Similar to above, use async singleton (or transient) factories for wiring up a dependency that might require I/O.

import { Connection, createConnection } from 'typeorm';
let container = new Container();

// The connection will only be created when the repository that needs it is resolved!
let connectionFactory = async () => await createConnection({ ... });
container.registerSingletonFactory(Connection, connectionFactory);

@SupportsInjection
export class MyRepository {
    public constructor(public connection: Connection) {
    }
}

const repo = await container.resolve(MyRepository);
await repo.connection.query('SELECT NOW()');

Instance method invocation and resolution.

import { Connection, createConnection } from 'typeorm';
let container = new Container();

// The connection will only be created when the repository that needs it is resolved!
let connectionFactory = async () => await createConnection({ ... });
container.registerSingletonFactory(Connection, connectionFactory);

export class MyRepository {
    @SupportsInjection
    public async getNow(connection: Connection) {
        return await connection.query('SELECT NOW()');
    }
}

const repo = new MyRepository();

const now = await container.invoke(repo, 'getNow');

You can unregister registrations. Use case, for example: passing around data across a sub-system of your application, and removing it once that sub-system is left, or a workflow has been finished etc.

@AsyncTest("when registered as instance and unregistered, it should throw on resolve")
public async scopeTest3() {
    let container = new Container();
    container.registerInstance(Child, new Child());
    container.unregister(Child);

    Expect(() => container.resolve(Child)).toThrowAsync();
}

Known limitiations

  • Meta data for types in the same file are not emitted in a way that allows proper resolution. Make sure to put all classes used as constructor arguments for injection into separate files and export them.

Roadmap

  • Create an adapter for Vue.js. See good-injector-vue for the Vue.js adapter!
  • Make the decorator register which types have been decorated. At the moment, with "reflect-metadata" you can't distinguish between "has been decorated and emitting metadata was not required" and "has not been decorated". This means that it's not possible to test whether someone has forgotton to decorate or if the correctly decorated type has not constructor arguments.

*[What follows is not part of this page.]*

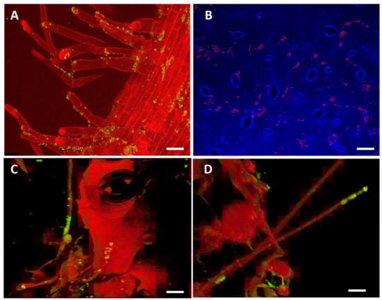 We published stunning images of the rape seed´s microbiome and of biocontrol agents colonizing seeds and various tissues of oilseed rape in our previous studies [,]. In order to gain deeper insight into how our selected biocontrol agents interact with V. longisporum and with the host plant, we visualized a three-way interaction using CLSM. For this test S. plymuthica HRO-C48 was chosen as a representative of a successful biocontrol agent against V. longisporum in oilseed rape. Cells of gfp-labelled S. plymuthica HRO-C48 were applied to the seeds of oilseed rape (cultivar Traviata) and the seedlings were grown for 28 days under gnotobiotic soil-free conditions. In order to study the three-way interaction, the seedlings were additionally infested with V. longisporum ELV25, while the control plants were left without the pathogen. We found that HRO-C48 colonized both the phyllosphere and the rhizosphere of the oilseed rape in large amounts in the absence of V. longisporum. Bacterial cells were found in large clusters surrounding plant cells (Figure 3A,B). In the Verticillium-infested plants, on the other hand, we found large numbers of bacterial cells directly associated with the fungal hyphae, in addition to bacterial clusters associated with the plant tissues (Figure 3C,D). When used in the interpretation of bacterial-fungal interaction the CLSM technique does not allow the viewer to clearly distinguish between synergistic or antagonistic interactions. The ability of HRO-C48 to produce antifungal substances such as pyrrolnitrin or chitinases [,] allows us to speculate that the images we observe in Figure 3B,D illustrate how the potential biocontrol agent S. plymuthica HRO-C48 may inhibit the growth of fungal pathogens.

This can be solved by registering decorated types by the decorator itself, and then tighten up the resolve implementation.
  • Adding more registration scopes, in particular for existing instances and factories. Both are valid use cases, to add things to the container you received from elsewhere, or to resolve types based on criteria that is out of scope for the container. Instance and factory function registrations have been added for version 0.2.0!
  • Passing through arguments during resolution. This is a use case that came up a lot in the past, i.e. you want to resolve the dependencies of a type but there's one or more additional dynamic arguments that you need to pass on to the resolved type. A pattern to work around this is to use factories that set properties or call initialization methods on the resolved type. But it may be nice to have something like this built-in.

Build yourself

Make sure you have ts-node globally installed for executing the unit tests.

  • Clone repo
  • yarn
  • npm run build:dev

Look at the available scripts in package.json to see what's available to build, lint, test and watch.